- Genre: Edutainment
- Developer: Kutoka Interactive
- Publisher: Kutoka Interactive
- Platforms: Windows, Macintosh
- First release: Mia's Reading Adventure: The Search for Grandma's Remedy 1998
- Latest release: Mia's Reading Adventure: The Bugaboo Bugs 2007

= Mia's Big Adventure Collection =

Mia's Big Adventure Collection is an edutainment software series created in 1998 by Kutoka Interactive. The series consists in five subject-based titles for children in elementary school.

==Gameplay==
In the introduction of each of Mia's adventures, the player is invited to help her on a quest. As the player progresses through the game, there are various educational activities.

The difficulty level set by the player at the beginning of the game corresponds to different and more challenging question sets. Optionally, the player may bypass the entire adventure part of the Mia game and enter straight into a menu of all educational activities.

Inside Mia's adventure, the character of Mia follows the player's cursor on the screen and reacts to certain objects in the scene when they are clicked on.

==Characters==
Mice:
- Mia Mouse: The titular protagonist of the series. She is a feisty and clever English mouse who carries a skateboard in her backpack. She lives in the attic of an old Victorian house on Carrington Lane in London, England, where her family has lived for generations.
- Marty Mouse: He is Mia's best friend. He is a very smart kid who likes to read books and is a bit shy, especially around Mia.
- Miguel Mouse: He is a gifted mechanic from Mexico.
- Manfrid Mouse: He is Marty's father. He owns the General Store.
  - Mister Maurice is also what he is called
- Grandma Mimi

Rats:
- Romaine Rat: The antagonist of the series. He is a businessman who has a special passion and talent for accumulating Sparklies, the currency in Mia's world.
- Pompon Rat: He is Romaine Rat's left arm and the cousin of Nopompon Rat.
- Nopompon Rat: He is Romaine Rat's right arm and the cousin of Pompon Rat.
- Rango Rat is a tall rat introduced in the TV series
- Rufus Rat is a short rat introduced in the TV series

Bats:
- Dingbat is a little bat. He cannot fly.
- Biska Bat is a female bat introduced in the TV series

Others:
- Betty Bird: She is a woodpecker flying around the gossip in Mia's neighbourhood.
- Freddy Frog: He is an accident-prone friend of Mia who lives in a pond in the backyard of her house.
- Scary Spider

==Titles in the collection==
===Main series===
- Mia's Reading Adventure: The Search for Grandma's Remedy (1998)
- Mia's Science Adventure: Romaine's New Hat (2000)
- Mia's Math Adventure: Just in Time! (2001)
- Mia's Language Adventure: The Kidnap Caper (2003)
- Mia's Reading Adventure: The Bugaboo Bugs (2007)

===Other titles===
- Click & Create With Mia: A Complete Creativity Studio (2002)
- Mia Sudoku (2008)
- Mia's Word Copter (2010)
- Mia: The Happy Helper - A Fun Learning Adventure App (2014)

==Technology==
With the exception of Mia's Language Adventure, which uses Kutoka's own 2D engine, all Mia games were developed with the Macromedia (later Adobe Systems) Director multimedia application authoring platform.

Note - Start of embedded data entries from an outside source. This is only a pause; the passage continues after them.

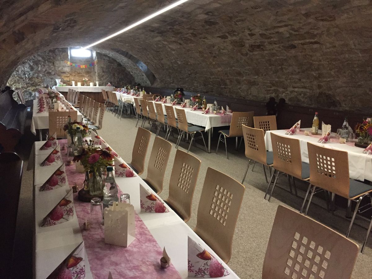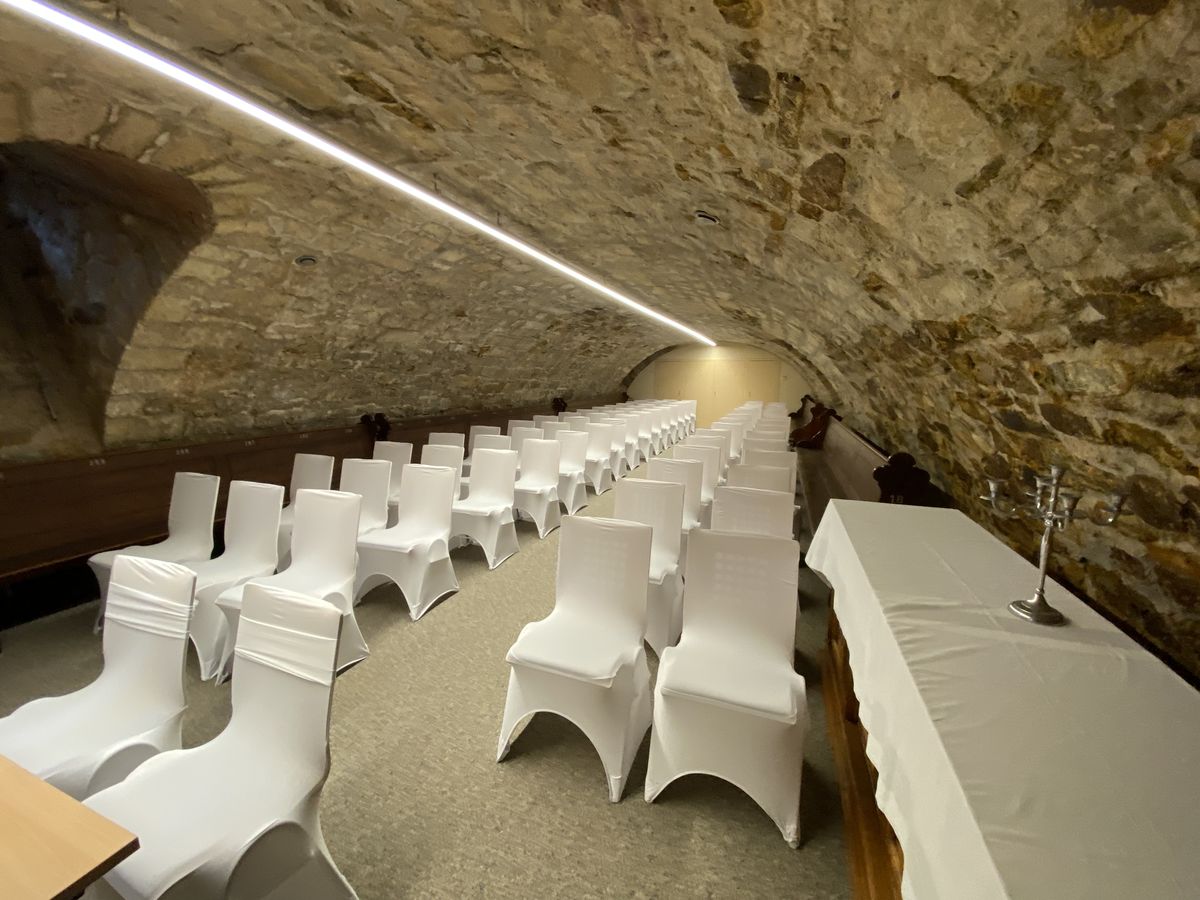Der Weinkeller versprüht gemütlichen Charme unter historischen Tonnengewölben. Besonders in den kühleren Monaten ist dieser Raum die perfekte Wahl für gesellige Feiern in entspannter Atmosphäre. Die zwei verbundenen Gewölbebereiche bieten Ihnen Flexibilität, nutzen Sie einen Bereich oder beide zusammen.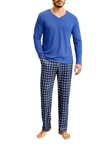 Bresdk Ensembles de Pyjama Homme Coton Hiver Manches Longues Pijamas col V Vêtements de Nuit Doux Loungewear avec Poche Poitrine, Bleu Cobalt, L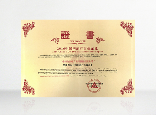 “2016中國房地產(chǎn)百強企業(yè)” 第29名榮譽證書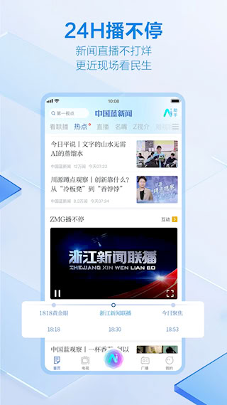 中国蓝新闻是由浙江广电集团推出的新媒体平台。24小时不间断推送国际、国内及浙江本地的热点新闻,涵盖时政、财经、社会、科技、文化、体育、娱乐等多个领域,确保使用者能第一时间掌握最新动态。还提供浙江广电集团旗下多个电视频道和广播频率的实时直播,以及各类精品栏目的现场和点播服务,适应观众不同的观看需求。
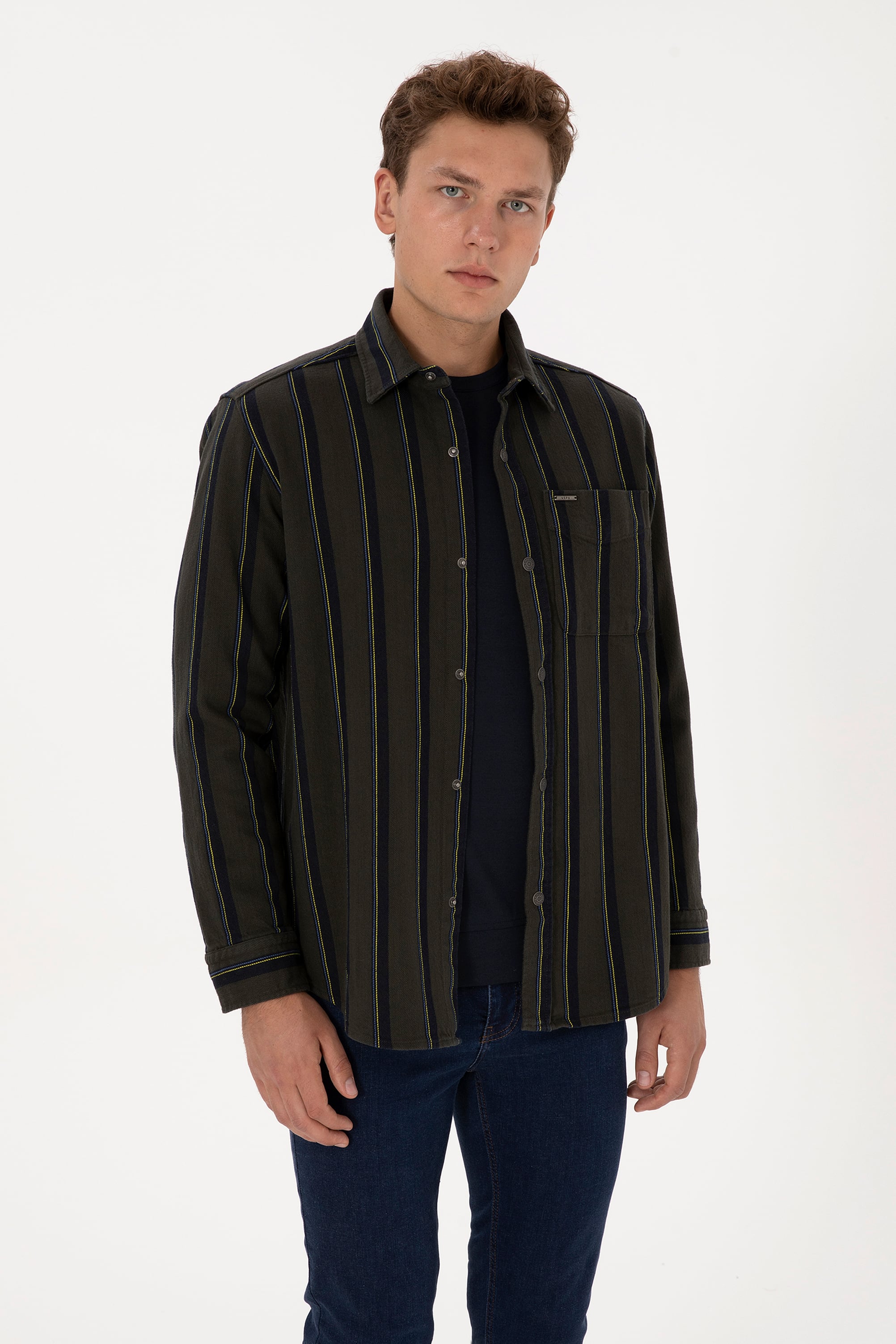 - Erkek Koyu Yeşil Çizgili Uzun Kollu Gömlek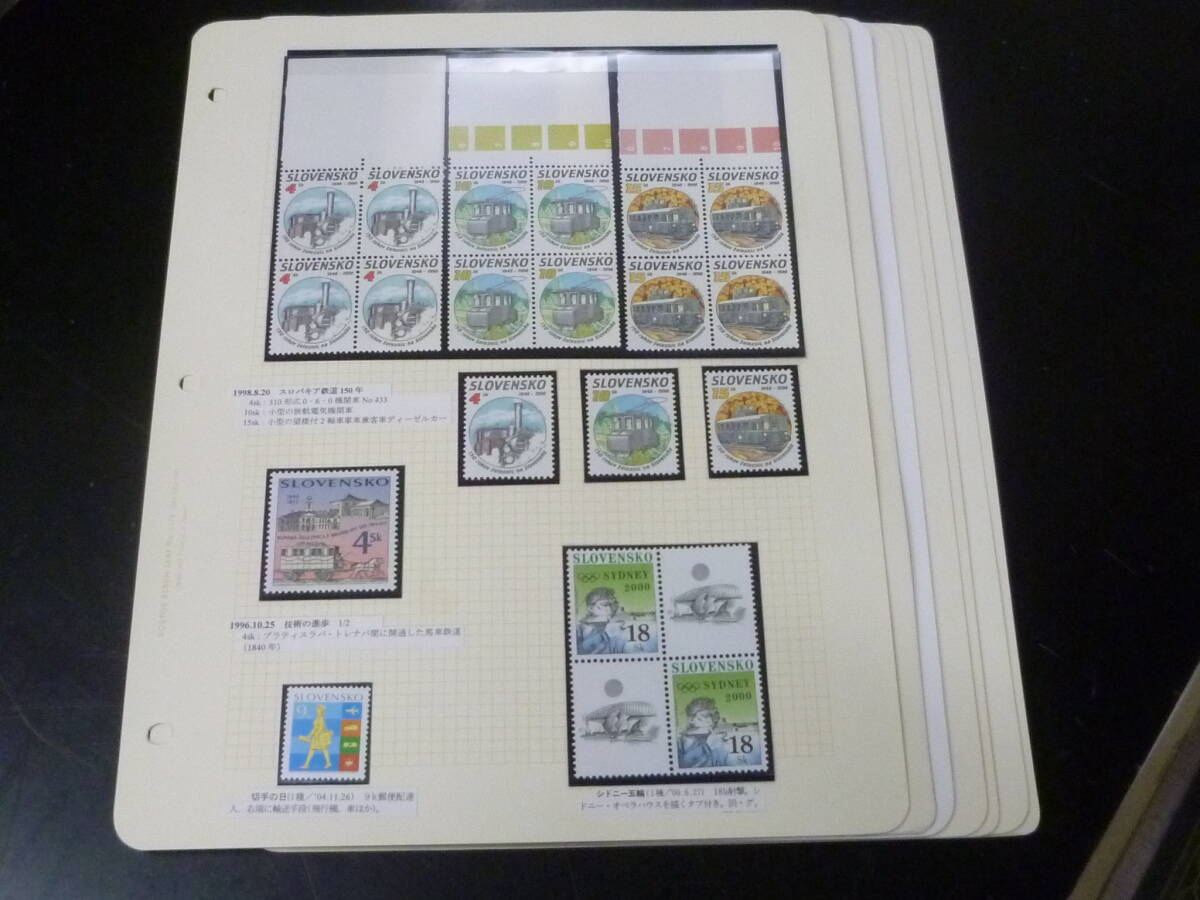 > 鉄道№57-2 スロバキア切手 1996-2015年 各種 鉄道関連 単片・FDC等 計7リーフ(ソマリア1リーフ含) 未使用NH主体・VF ※説明欄必読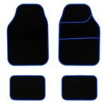 Streetwize Velour Black Carpet Car Floor Mats Heel Pad Blue Edge Trim SWBCMBL

The in-game 3D animations are made with Softimage 3D (and later XSI) before they are imported as sprites inside Director. The animated 3D cinematics are also made with Softimage's technology and exported as QuickTime movies.

==TV series==
The franchise was announced in 2010 by Radio Canada and produced by Sardine Productions. After delay Cyber Group Studios with Spacetoon Media's participation released the TV series in 2014 in both French and English. Toonavision picked up the show by 2019.

==Awards==
In addition to awards received by the individual titles in the collection, the whole Mia collection received a United Nations World Summit Award in 2003.